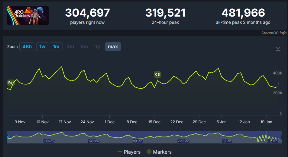 >bot playerbase and viewership casually dropping by 100k in a day cause arc devs need to cut costs for continued vacations
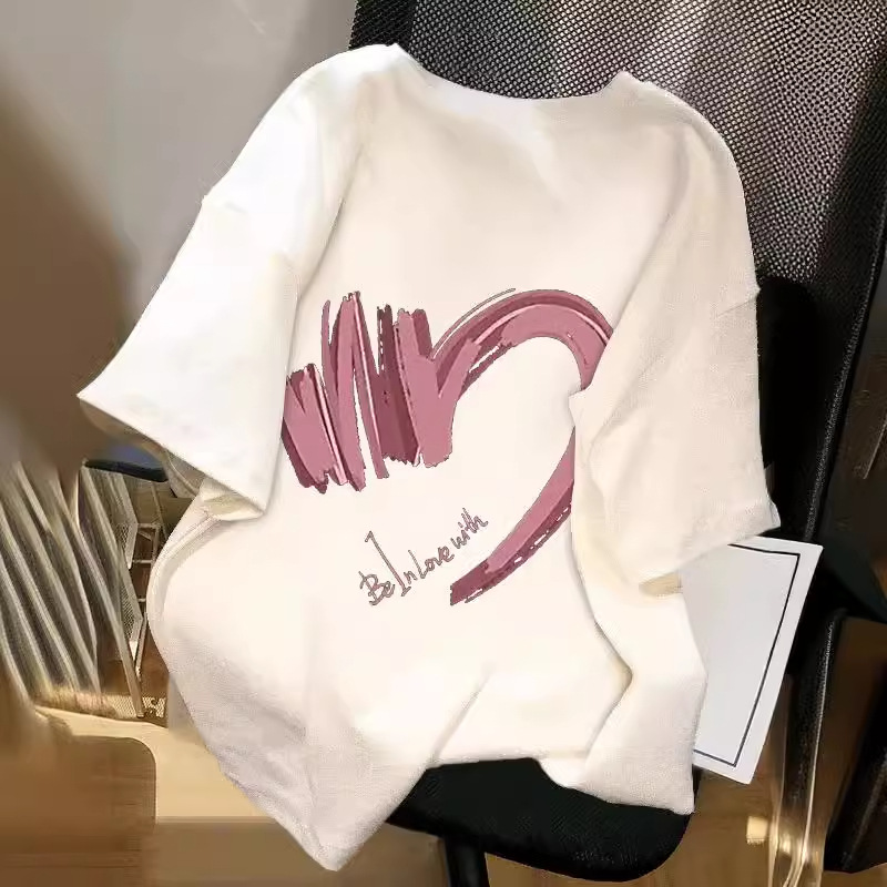 Kaus Katun 82380 Pakaian Musim Panas Model Baru 2024 Lengan Pendek Wanita T-shirt Lengan Setengah Panjang Leher Bulat Mudah Dipadu Padan Longgar Trendi Versi Korea Instagram
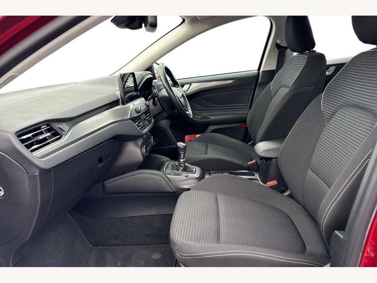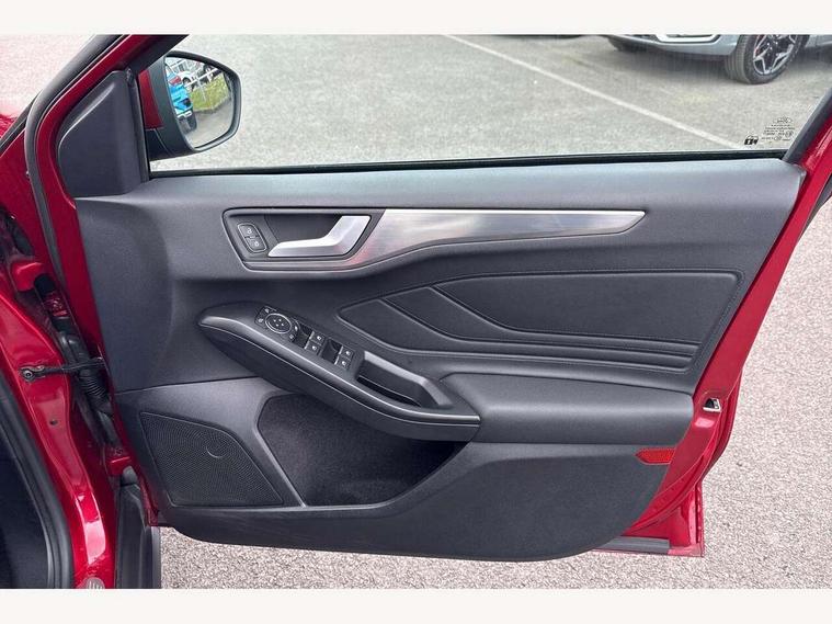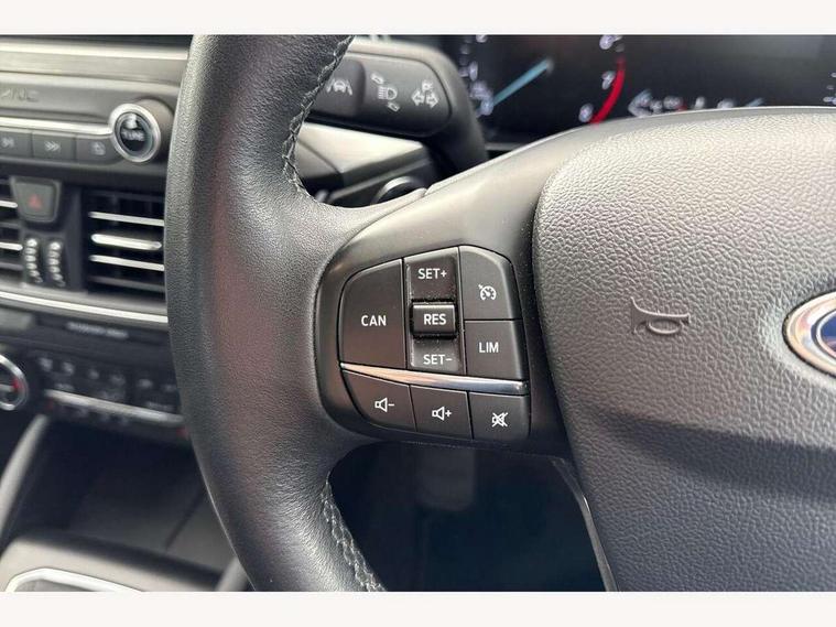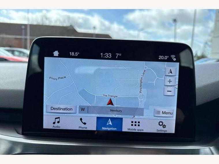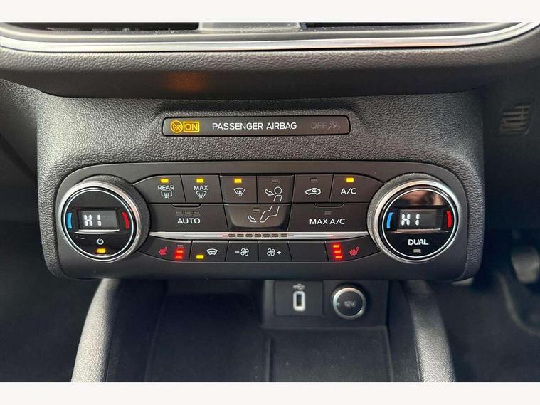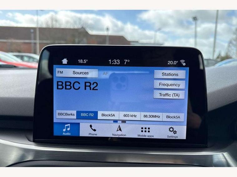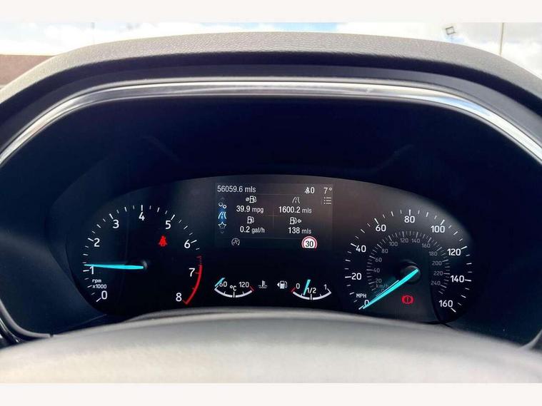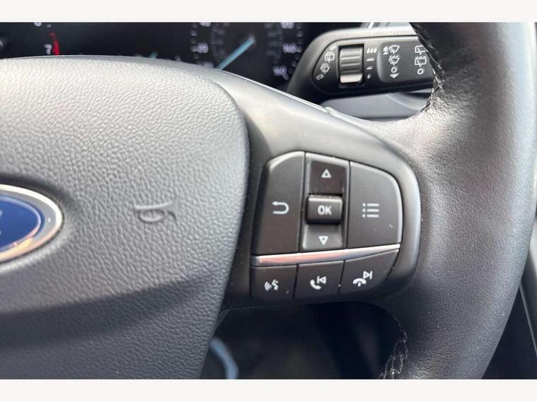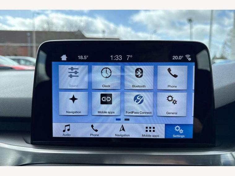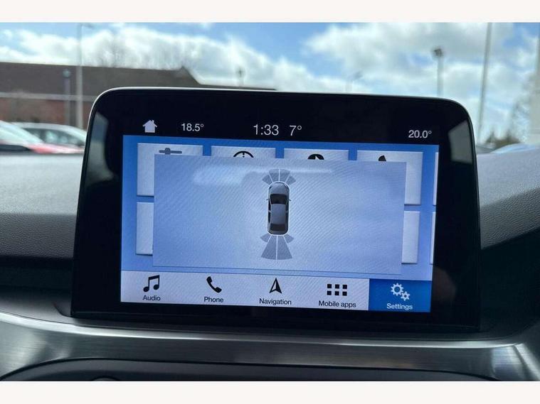 4" TFT coloured cluster screen, Bluetooth system, Digital clock, Easy fuel capless refuelling system, Eco mode, Ford pass connect, Ford SYNC 3 nav system with DAB radio, 8" colour touch screen, voice control, app link, Apple car play/Android auto and 4.2" TFT coloured cluster, Lane keeping aid with lane departure warning, PAS, Selectable drive mode, Trip computer, 2 USB ports, Aux input, 'Quickclear' heated windscreen/heated washer jets, Auto dimming rear view mirror, Auto headlamps (on/off), Automatic rain sensing wipers, Body colour large rear spoiler, Body coloured bumpers, Body coloured door handles, Body coloured electrically operated and heated door mirrors with side indicators, Electrically operated front and rear windows with one touch opening and closing, Front fog lamps with cornering function, Front variable intermittent wipers with electric wash, Halogen reflector headlamps, Heated rear window, LED daytime running lamp, LED rear lamps, Power folding door mirrors with puddle lights, Tailgate wash/wipe, Upper grille with chrome surround and horizontal bars, 3 spoke leather trimmed steering wheel with integrated audio controls, 60/40 split back and cushion rear seats with 2 height adjustable headrests, Ambient lighting, Centre console with sliding front armrest, Cloth upholstery, Driver's lumbar support, Dual zone electronic air temperature control, Front/rear floor mats, Heated front seats, Height adjustable front headrests, Isofix child seat preparation, Leather gear knob, Reach + rake adjustable steering column, Rear centre headrest, ABS+Electronic Brake force Distribution, Auto hold function, Driver airbag, Electronic parking brake, Electronic stability control, Front and rear seatbelt reminder, Front inertia reel height adjustable seatbelts with pre-tensioners, Front passenger airbag, Front side airbags, Hill start assist, Passenger airbag deactivate switch, Post collision braking, Pre collision assist with autonomous emergency braking and pedestrian/cyclist detection, Side curtain airbags, Three rear inertia reel lap/diagonal seatbelts, Tyre pressure monitoring system, Ford keyfree system with Keyless entry and keyless start, MyKey system, Remote central locking & engine immobiliser, Thatcham category 1 alarm, 16" 15 spoke sparkle silver alloy wheels, Mini steel spare wheel,
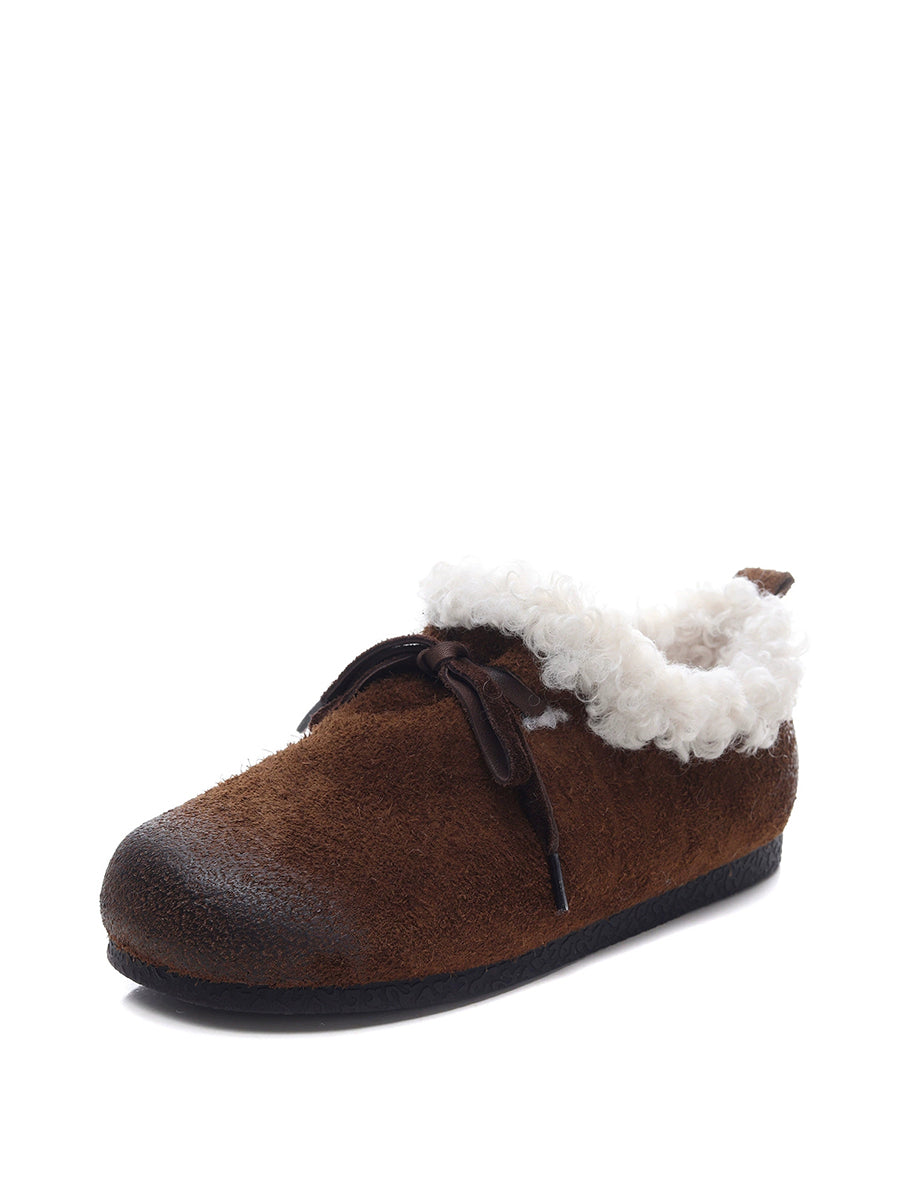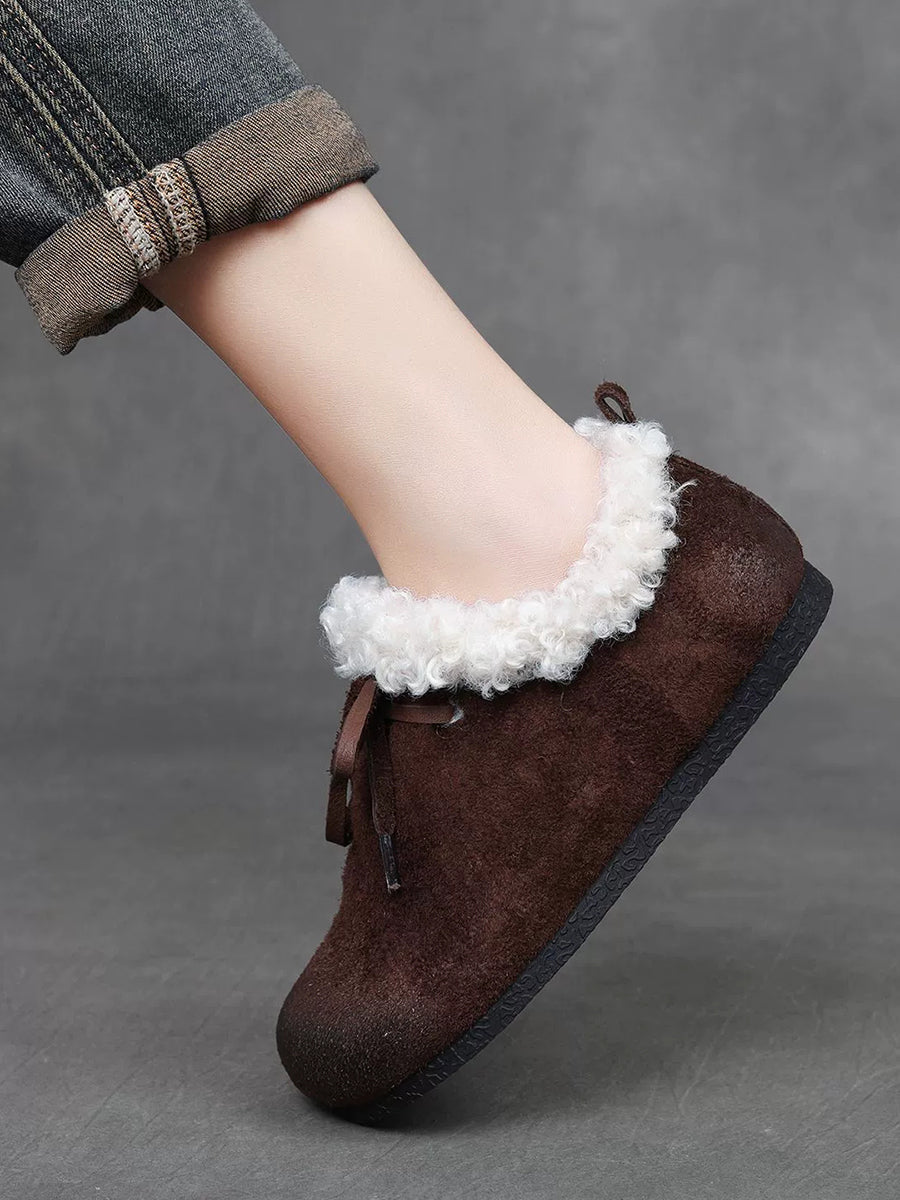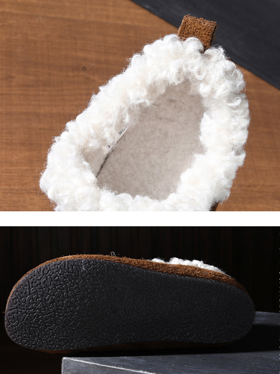Sapatos femininos vintage de couro genuíno com forro de lã

## REQUIRED WORK:
Print the complete listing exactly, apart from any pictures.

## TASK RESPONSE:
 >bot playerbase and viewership casually dropping by 100k in a day cause arc devs need to cut costs for continued vacations
 Kaus Katun 82380 Pakaian Musim Panas Model Baru 2024 Lengan Pendek Wanita T-shirt Lengan Setengah Panjang Leher Bulat Mudah Dipadu Padan Longgar Trendi Versi Korea Instagram
 4" TFT coloured cluster screen, Bluetooth system, Digital clock, Easy fuel capless refuelling system, Eco mode, Ford pass connect, Ford SYNC 3 nav system with DAB radio, 8" colour touch screen, voice control, app link, Apple car play/Android auto and 4.2" TFT coloured cluster, Lane keeping aid with lane departure warning, PAS, Selectable drive mode, Trip computer, 2 USB ports, Aux input, 'Quickclear' heated windscreen/heated washer jets, Auto dimming rear view mirror, Auto headlamps (on/off), Automatic rain sensing wipers, Body colour large rear spoiler, Body coloured bumpers, Body coloured door handles, Body coloured electrically operated and heated door mirrors with side indicators, Electrically operated front and rear windows with one touch opening and closing, Front fog lamps with cornering function, Front variable intermittent wipers with electric wash, Halogen reflector headlamps, Heated rear window, LED daytime running lamp, LED rear lamps, Power folding door mirrors with puddle lights, Tailgate wash/wipe, Upper grille with chrome surround and horizontal bars, 3 spoke leather trimmed steering wheel with integrated audio controls, 60/40 split back and cushion rear seats with 2 height adjustable headrests, Ambient lighting, Centre console with sliding front armrest, Cloth upholstery, Driver's lumbar support, Dual zone electronic air temperature control, Front/rear floor mats, Heated front seats, Height adjustable front headrests, Isofix child seat preparation, Leather gear knob, Reach + rake adjustable steering column, Rear centre headrest, ABS+Electronic Brake force Distribution, Auto hold function, Driver airbag, Electronic parking brake, Electronic stability control, Front and rear seatbelt reminder, Front inertia reel height adjustable seatbelts with pre-tensioners, Front passenger airbag, Front side airbags, Hill start assist, Passenger airbag deactivate switch, Post collision braking, Pre collision assist with autonomous emergency braking and pedestrian/cyclist detection, Side curtain airbags, Three rear inertia reel lap/diagonal seatbelts, Tyre pressure monitoring system, Ford keyfree system with Keyless entry and keyless start, MyKey system, Remote central locking & engine immobiliser, Thatcham category 1 alarm, 16" 15 spoke sparkle silver alloy wheels, Mini steel spare wheel,
Sapatos femininos vintage de couro genuíno com forro de lã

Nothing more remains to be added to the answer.